Pour tenter de remédier à ce problème, la tarification unitaire minimale (MUP) a été introduite en Écosse le 1er mai 2018, à 0,50 £ par unité. Les derniers chiffres mettent à mal l’efficacité de cette politique.
Alison Douglas, directrice générale d’Alcohol Focus Scotland, a déclaré : « Alors que l’Angleterre a connu la plus forte augmentation en pourcentage des taux de décès liés à l’alcool au cours des deux dernières années, l’Écosse affiche toujours des taux de décès globalement plus élevés. Ce n’est pas suffisant.

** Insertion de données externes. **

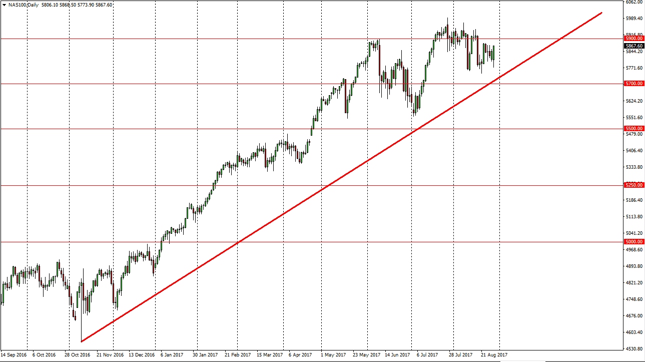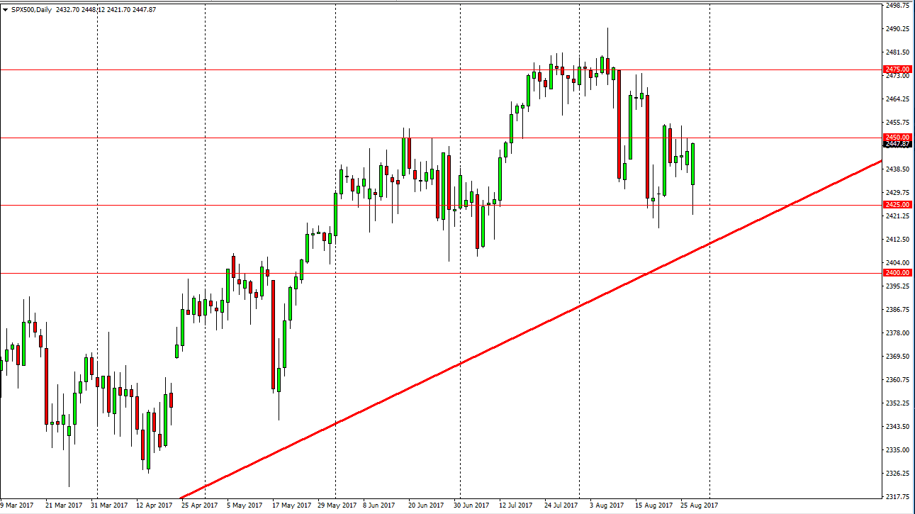 The S&P 500 fell initially at the open on Tuesday, testing the 2420 handle. This was due to the chaos caused by the North Koreans firing a missile over Japan. However, later in the day we started to see US equity traders come back into the market, and let things out. It seems as if the market is still a “buy on the dips” scenario, and with the uptrend line below, I think it is going to be difficult to sell this market for any length of time. Because of this, I believe that the market will continue to offer short-term buying opportunities every time it pulls back. We are in a relatively quiet time of year typically, and certainly the volume is going to be less than desirable as most Americans are away at holiday currently. Nonetheless, selling is all but impossible until we break that trend line.
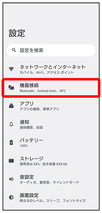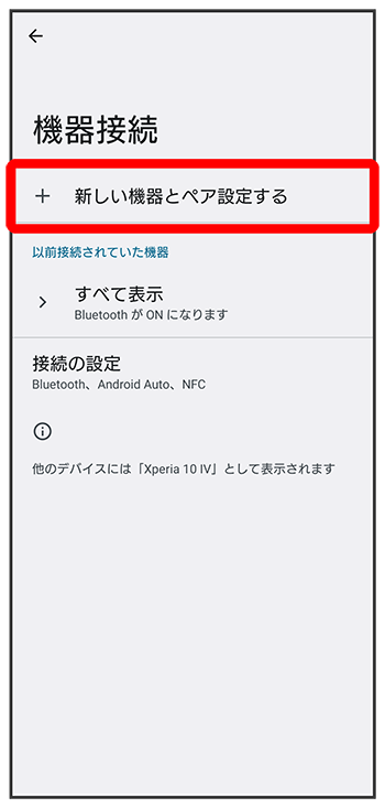- 機器接続画面の上部に、ペア設定中のBluetooth機器が表示されます。
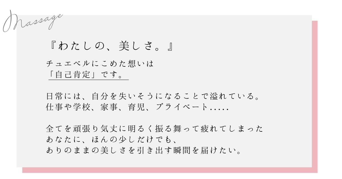 わたしの、美しさ。『Tu es Belle|チュエベル』は、"美しさ"をテーマとし、日々明るく振る舞って疲れている女性が、昨日よりもほんの少し自分を好きになるために生まれたライフスタイルブランドです。
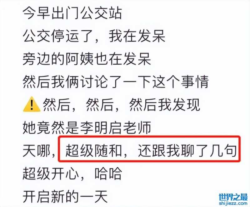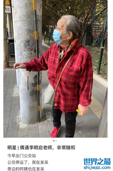 近日,有网友在社交平台上晒出了偶遇李明启等公交车的画面,当天因为公交车突然停运的原因,很多乘客都站在公交车站空等着,其中就包括李明启老师。
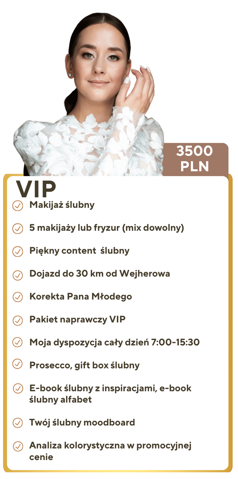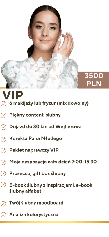 Pakiet VIP oraz pakiet poprawinowy pomogą Ci poczuć się w 100% zaopiekowaną. Stworzę atmosferę profesjonalizmu i ślubnego perfekcjonizmu na Twoich przygotowaniach.

Elle a ajouté : « Nous semblons accepter ce bilan comme inévitable, mais nous ne devrions pas ; chaque décès peut être évité. Le gouvernement écossais a reconnu que les méfaits de l’alcool constituaient une urgence de santé publique au même titre que les drogues, mais nous n’avons pas encore vu de réponse d’urgence de la même ampleur.
En mars 2023, le Premier ministre sortant Humza Yousaf a nommé Elena Whitham, ancienne ministre de la sécurité communautaire, au poste de ministre de la politique en matière de drogues et d’alcool, la chargeant de s’attaquer à ces deux crises sanitaires.